■ Input data:
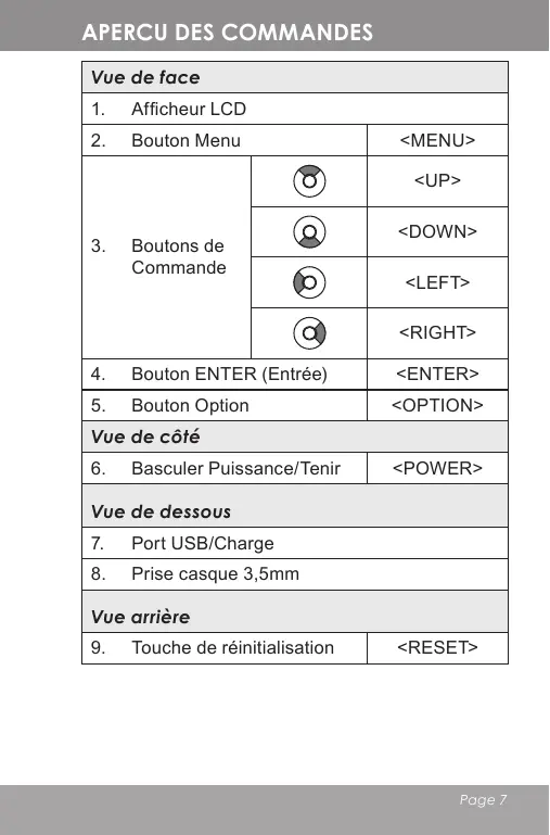 Utilisez un trombone pour appuyer légèrement sur l’orifice de réinitialisation <RESET> situé à l’arrière du lecteur. Désactiver les Commandes (Maintenir) Lorsque le bouton <POWER> est en position « Hold », les commandes de votre lecteur sont désactivées. Les commandes peuvent être désactivées pour éviter de mettre le lecteur en marche ou d’activer les commandes accidentellement lorsque le lecteur est dans votre poche ou sac. Page 9
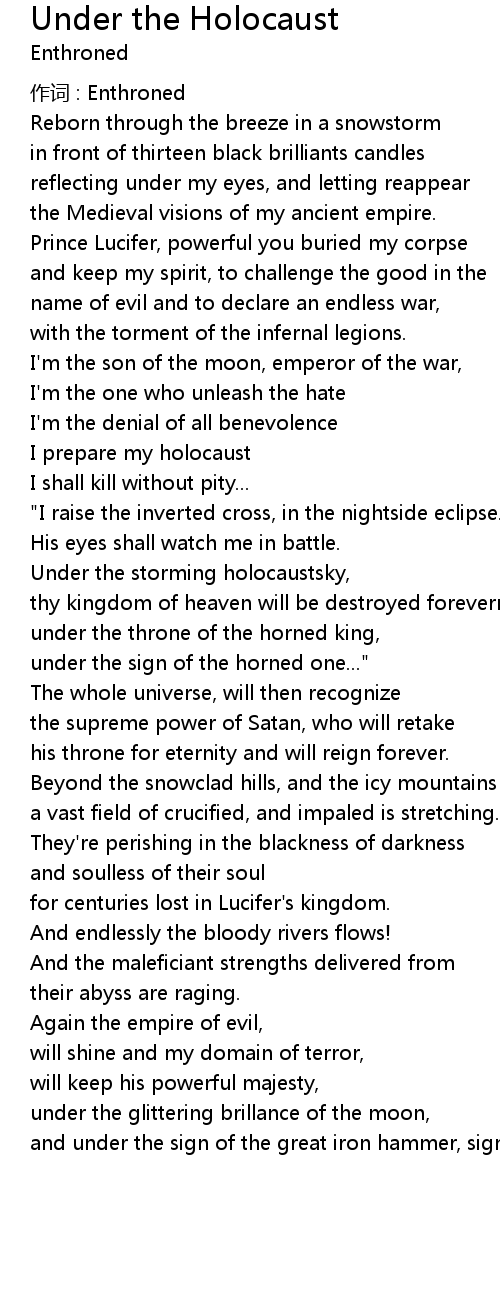 | "I raise the inverted cross, in the nightside eclipse... | |
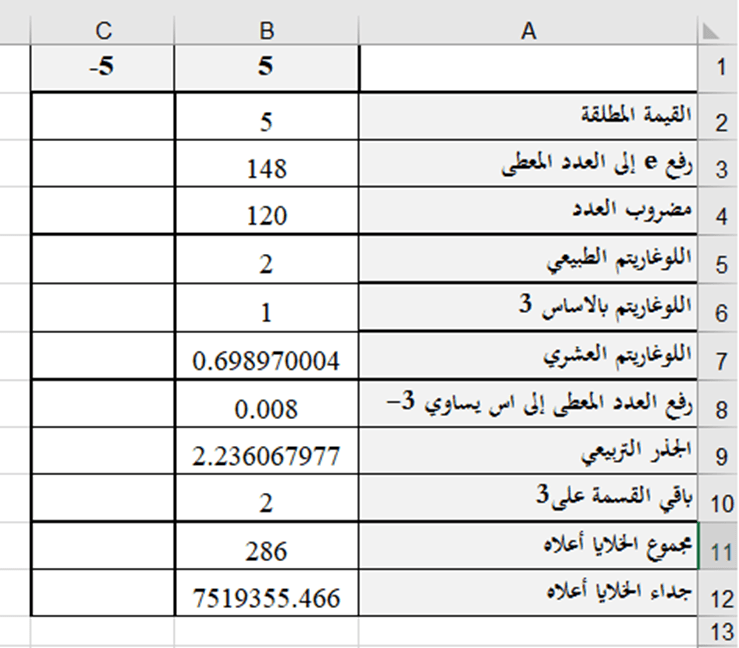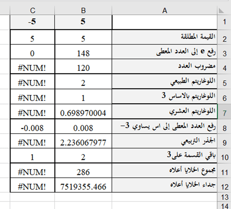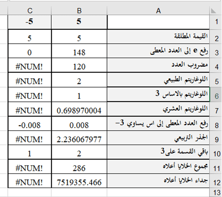 - ظهور #NUM! في الخلايا C4 و C5 و C6 و C7 و C9 لأن الدوال المستخدمة لا تتعامل مع القيم السالبة.
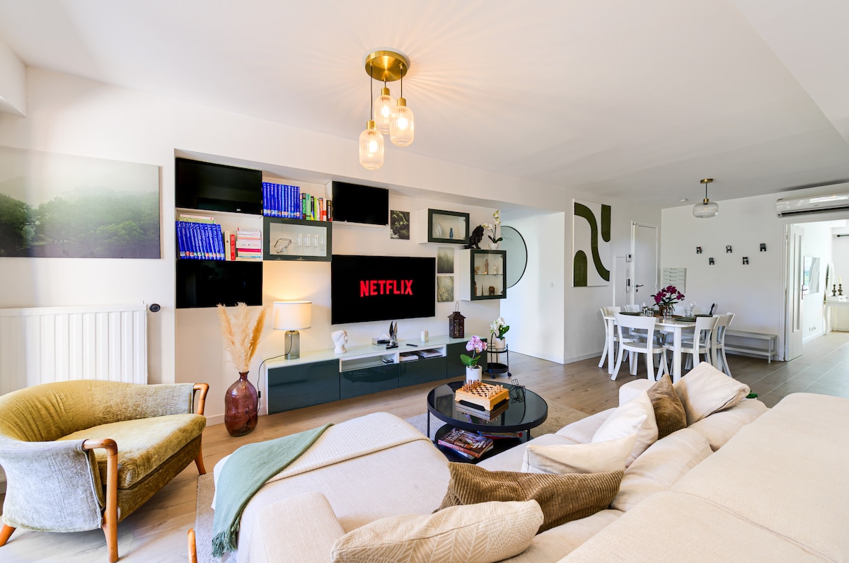 Come and discover serenity in our “Panoramic Riviera Penthouse.” Breathtaking views over the Bay of Cannes await you from your private balcony, offering a unique place to admire spectacular sunsets. An apartment that harmoniously combines luxury and comfort, enhanced by modern amenities, a gentle breeze, and air conditioning for your utmost comfort. With direct access to the beach, immerse yourself in the calm of coastal life. Your getaway starts here for an unforgettable Riviera experience.
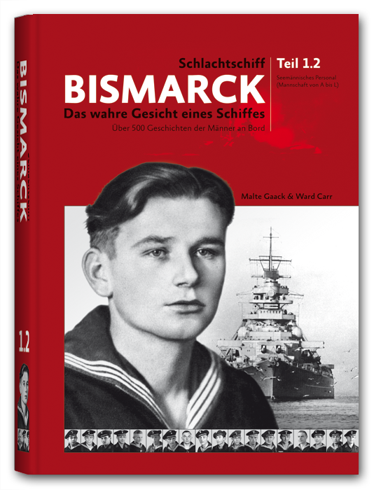 Mit dem Teil 1.2 unserer Buchreihe erzählen wir die umfangreiche Geschichte des Seemännischen Personals weiter. Dieses machte mit über 1.000 Mann mehr als die Hälfte der gesamten Besatzung aus und füllt ganze drei Bücher unserer Serie. Der am 27. Mai 2020 zum 79. Jahrestag des Untergangs der Bismarck erschienene Teil 1.2 umfasst alleine 400 Seiten und ist damit dicker als die Erstauflage seines Vorläufers, des Teil 1.1. In ihm erzählen wir die persönlichen Geschichten der Mannschaft vom einfachen Matrosen bis zum Matrosenhauptgefreiten des Seemännischen Personals mit den Nachnamen beginnend bei A bis L. Es finden sich die spannenden Geschichten von 134 Besatzungsmitgliedern, wie etwa die des jungen Österreichers Alois Bacher der die Exotik der Seefahrt sucht oder dem erfahrenen Matrosenhauptgefreiten Kurt Langerwisch aus Brandenburg, der den Untergang mit viel Glück überlebte und später in der DDR Lehrer und Schuldirektor wurde.
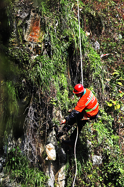 環(huán)衛(wèi)工人清理的懸崖,崖頂?shù)浇娲怪本嚯x100余米,在懸崖上清理垃圾危險性高,當天參加懸崖垃圾清理的4名環(huán)衛(wèi)工人都是經(jīng)過專業(yè)培訓(xùn)的。在垃圾清理現(xiàn)場,環(huán)衛(wèi)工人在崖頂固定安全繩,然后坐在滑板上依靠安全繩在懸崖上作業(yè),對所有清理的垃圾進行收集,再用清漂船轉(zhuǎn)運。
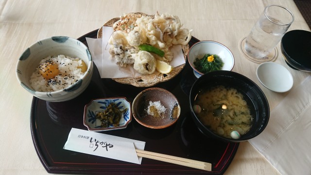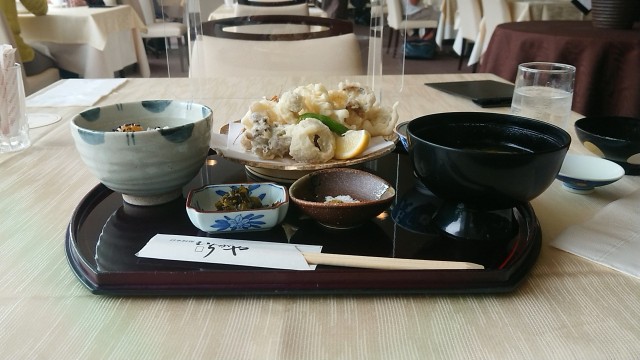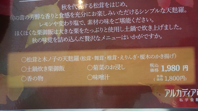 【レストランフォッセ アルカディア市ヶ谷私学会館】第1食 天つゆ不使用&魚介ゼロ 旬の味覚キノコの素材を生かしてレモンと塩と山椒で食べる「秋の峰定食1980円」(松茸・椎茸・舞茸・えりんぎ・榎のかき揚げ天麩羅/土瓶炊き栗御飯) 2022/10/15
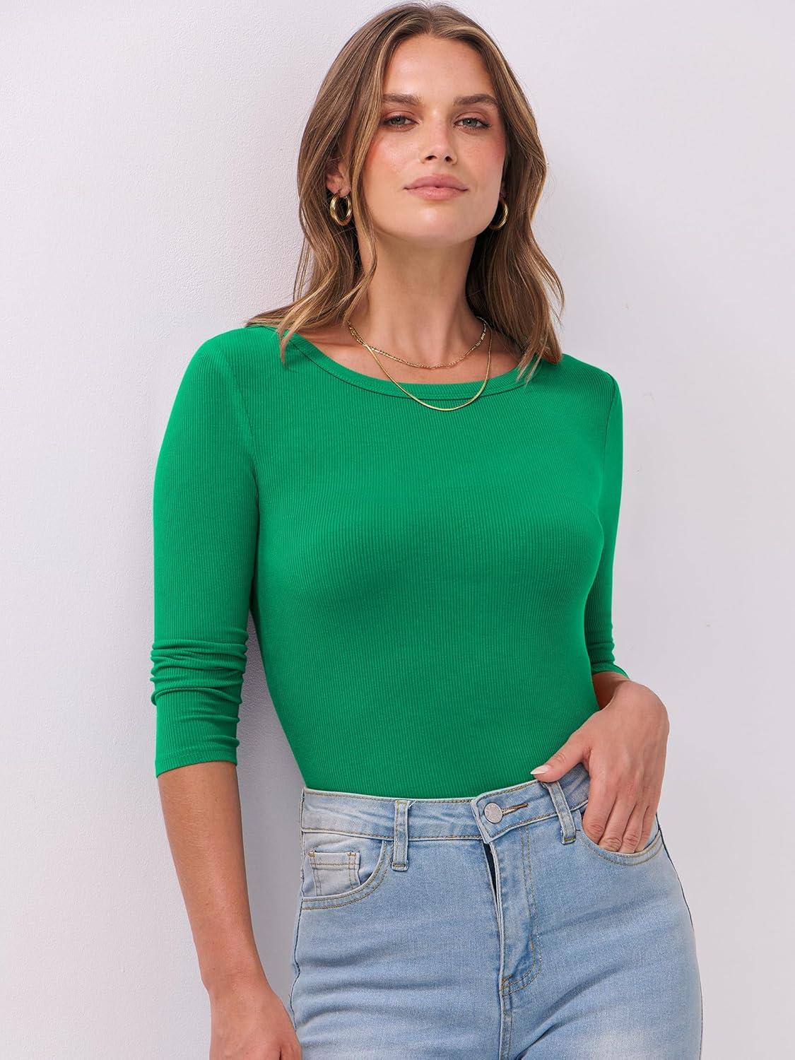 Our holiday sale features the best deals on ANRABESS Women 3/4 Sleeve Crewneck Rib Knit Slim Fit Shirts Basic Tee Tops 2025 Fall Summer Casual T-Shirt Workout Outfits(Green) and accessories. Shop now and save!
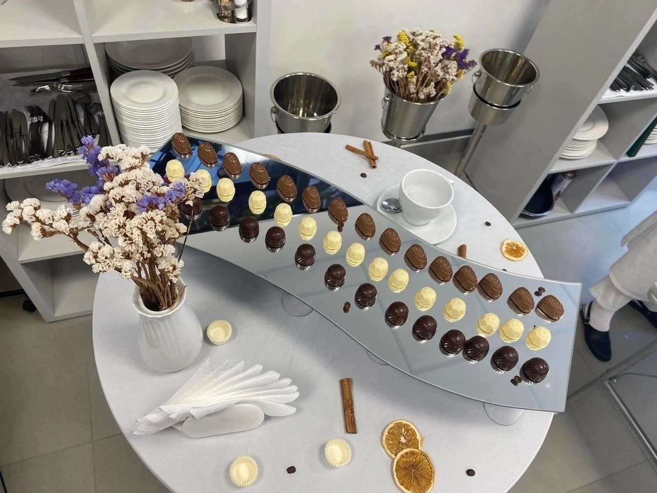 — Шоколад — это не только привычный большинству продукт в виде плиток и конфет, но и фантазийный элемент декора. Существует множество нюансов, которые могут повлиять на вкус и вид кондитерского изделия. Поэтому на начальном этапе знакомства с шоколадом студенты изучают его характеристики, температурные режимы обработки, и начинают с изготовления простых шоколадных изделий с помощью молдов — специальных форм, — рассказала преподаватель спецдисциплин Диана Алёшина.
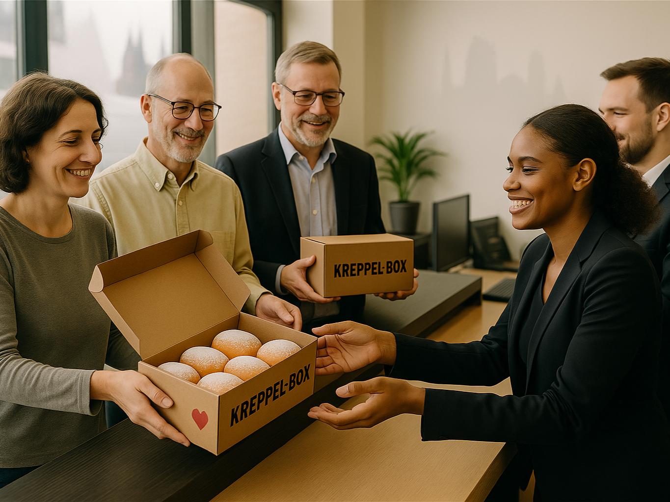 Wir verkaufen Kreppel in Boxen an Unternehmen oder Einrichtungen, die Ihren Mitarbeitenden eine Freude machen wollen.
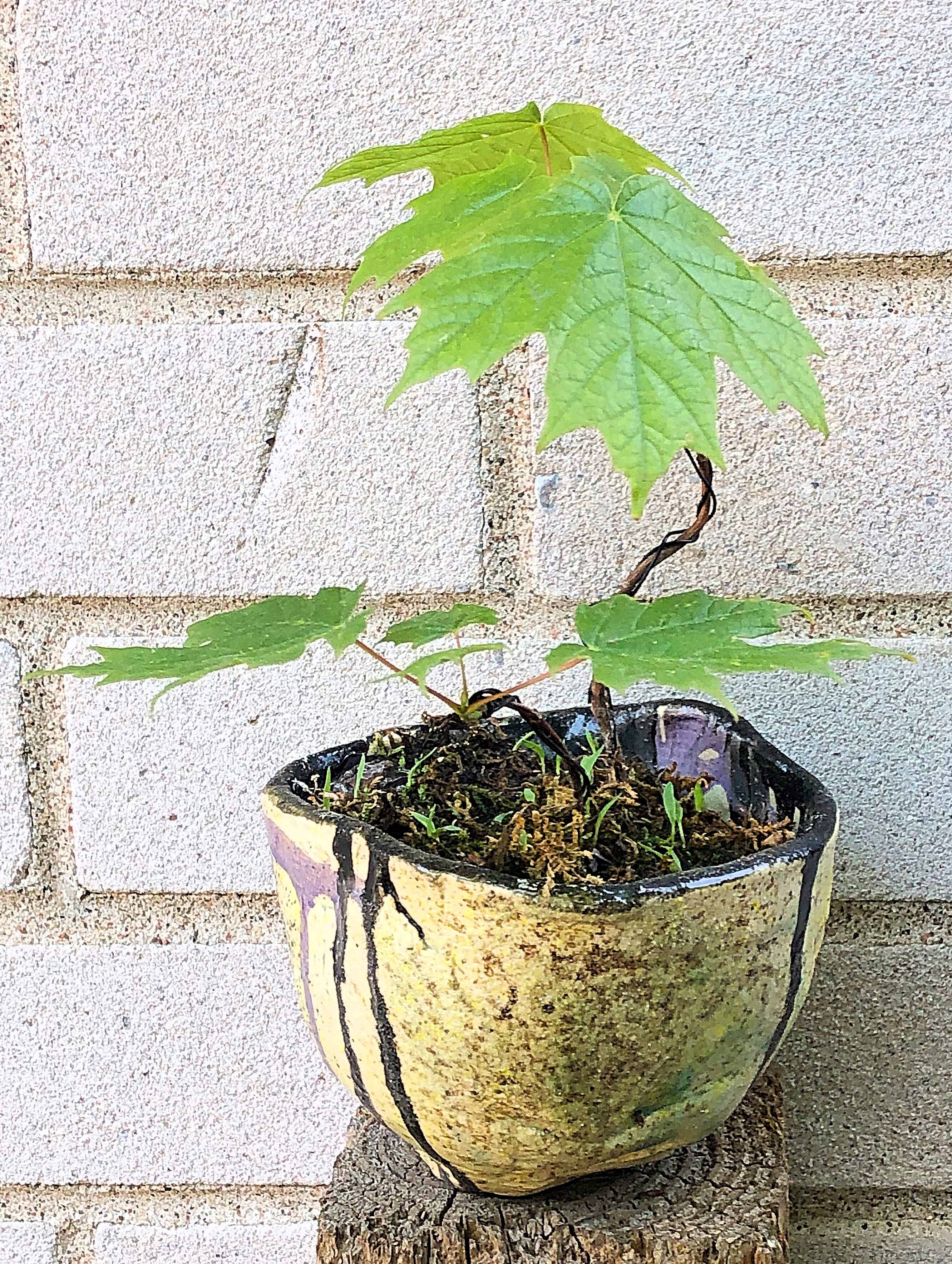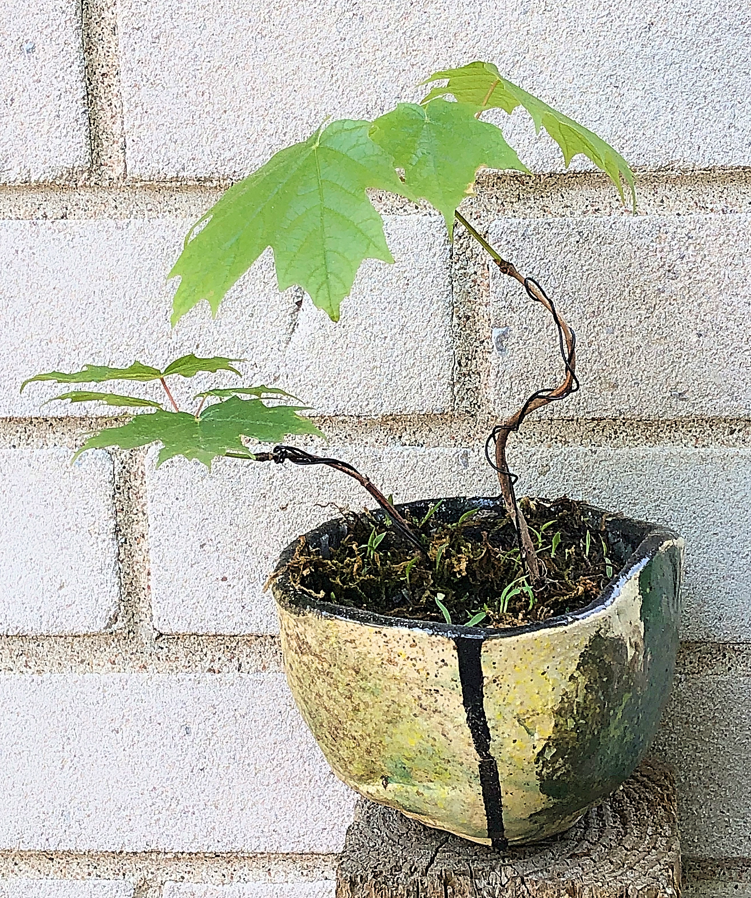 I have all these little maple trees growing all over my yard. At first I wasn’t sure what to do with them. Now I have a few ideas. Always fascinated with Bonsais, I thought I could possibly do my own with a Canadian twist. Taking some of my electric-fired, Raku-styled tea bowls and using them as pots just seemed to make sense, especially since I’ve been getting so many ideas from Pinterest to do just this.
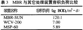 不僅如此,MBR的容積負(fù)荷要高于國(guó)內(nèi)外的類(lèi)似污水處理裝置。這對(duì)于解決船舶上空間有限的實(shí)際問(wèn)題具有十分現(xiàn)實(shí)的意義,見(jiàn)表3。
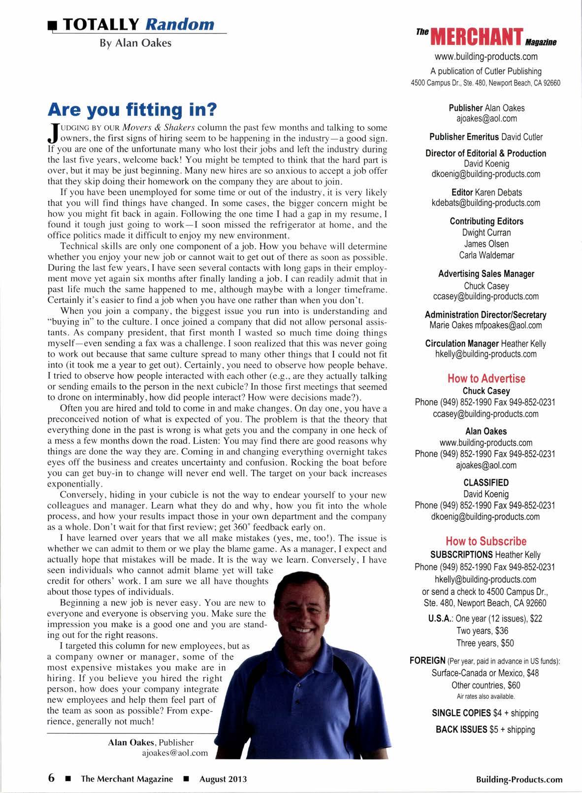 6 I The Merchant Magazine I August 2013 Building-Products.com
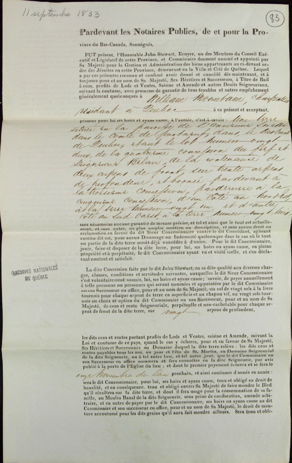 Acte de concession du lot 22 de la quatrième concession de la seigneurie de Bélair, dans la paroisse de l'Ancienne-Lorette dans le comté de Portneuf, par John Stewart, écuyer, membre du Conseil exécutif de la province du Bas-Canada et commissaire des biens des Jésuites, à William Mountain, charpentier de Québec, par-devant Archibald Campbell, notaire public, 11 septembre 1833, Archives nationales à Québec, Fonds Ministère des Terres et Forêts, (03Q,E21,S64,SS5,SSS4,D83).
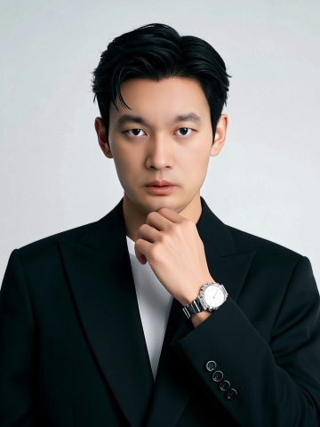 一位年轻亚洲男性,身着剪裁合体的黑色西装,内搭白色衬衫,系着黑色领带,左手自然插在西装裤口袋,右手轻握西装前襟,面带温和微笑,姿态自信挺拔,背景为纯白色,整体呈现清晰、专业、正式的商业人像摄影风格,光线均匀柔和,突出西装的挺括质感与人物的精神面貌。
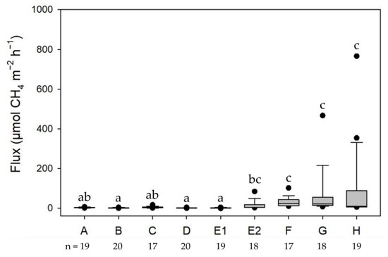 - Segarra, K.E.A.; Samarkin, V.; King, E.; Meile, C.; Joye, S.B. Seasonal variations of methane fluxes from an unvegetated tidal freshwater mudflat (Hammersmith Creek, GA). Biogeochemistry 2013, 115, 349–361. [Google Scholar] [CrossRef]
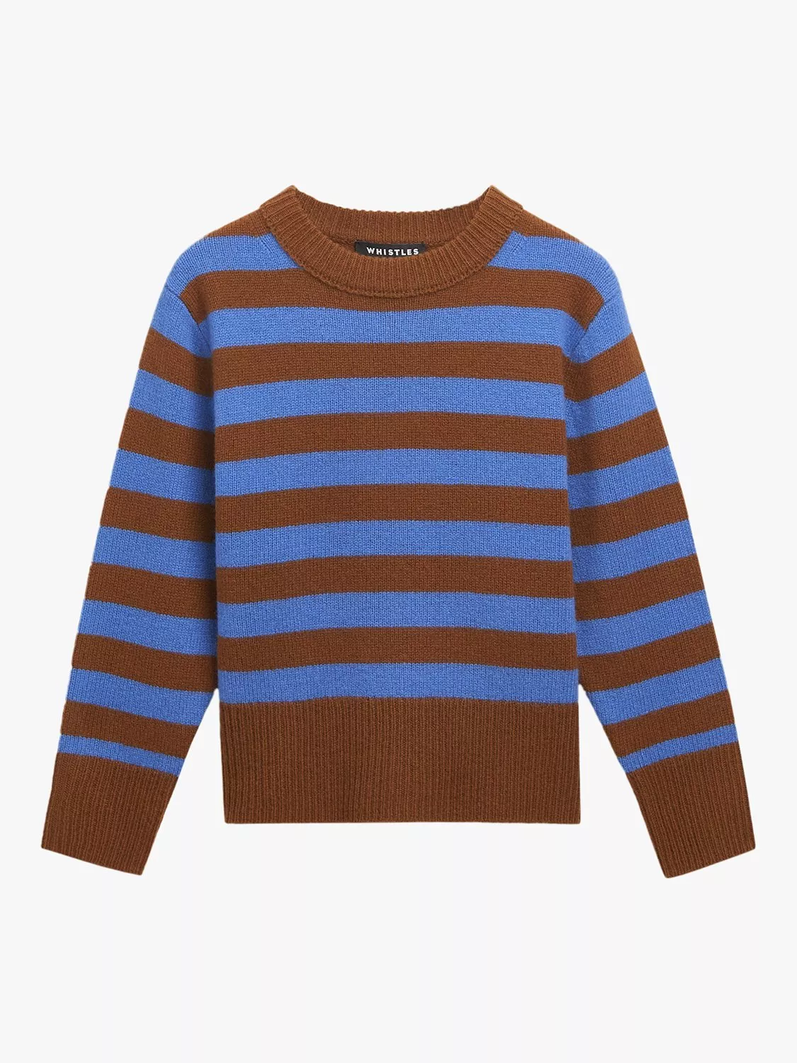 In pure wool for a toasty finish, Whistles' knit jumper is great for those chillier days. Decorated in classic stripes with ribbed trims and a split hem, it looks great with jeans, boots and their favourite beanie hat.

■ Required work:
Give the lines again word for word, from the start of the records to the line holding "Come and discover", both included, and leave out any picture.

■ Exercise solution:
 Utilisez un trombone pour appuyer légèrement sur l’orifice de réinitialisation <RESET> situé à l’arrière du lecteur. Désactiver les Commandes (Maintenir) Lorsque le bouton <POWER> est en position « Hold », les commandes de votre lecteur sont désactivées. Les commandes peuvent être désactivées pour éviter de mettre le lecteur en marche ou d’activer les commandes accidentellement lorsque le lecteur est dans votre poche ou sac. Page 9
 | "I raise the inverted cross, in the nightside eclipse... | |
 - ظهور #NUM! في الخلايا C4 و C5 و C6 و C7 و C9 لأن الدوال المستخدمة لا تتعامل مع القيم السالبة.
 Come and discover serenity in our “Panoramic Riviera Penthouse.” Breathtaking views over the Bay of Cannes await you from your private balcony, offering a unique place to admire spectacular sunsets. An apartment that harmoniously combines luxury and comfort, enhanced by modern amenities, a gentle breeze, and air conditioning for your utmost comfort. With direct access to the beach, immerse yourself in the calm of coastal life. Your getaway starts here for an unforgettable Riviera experience.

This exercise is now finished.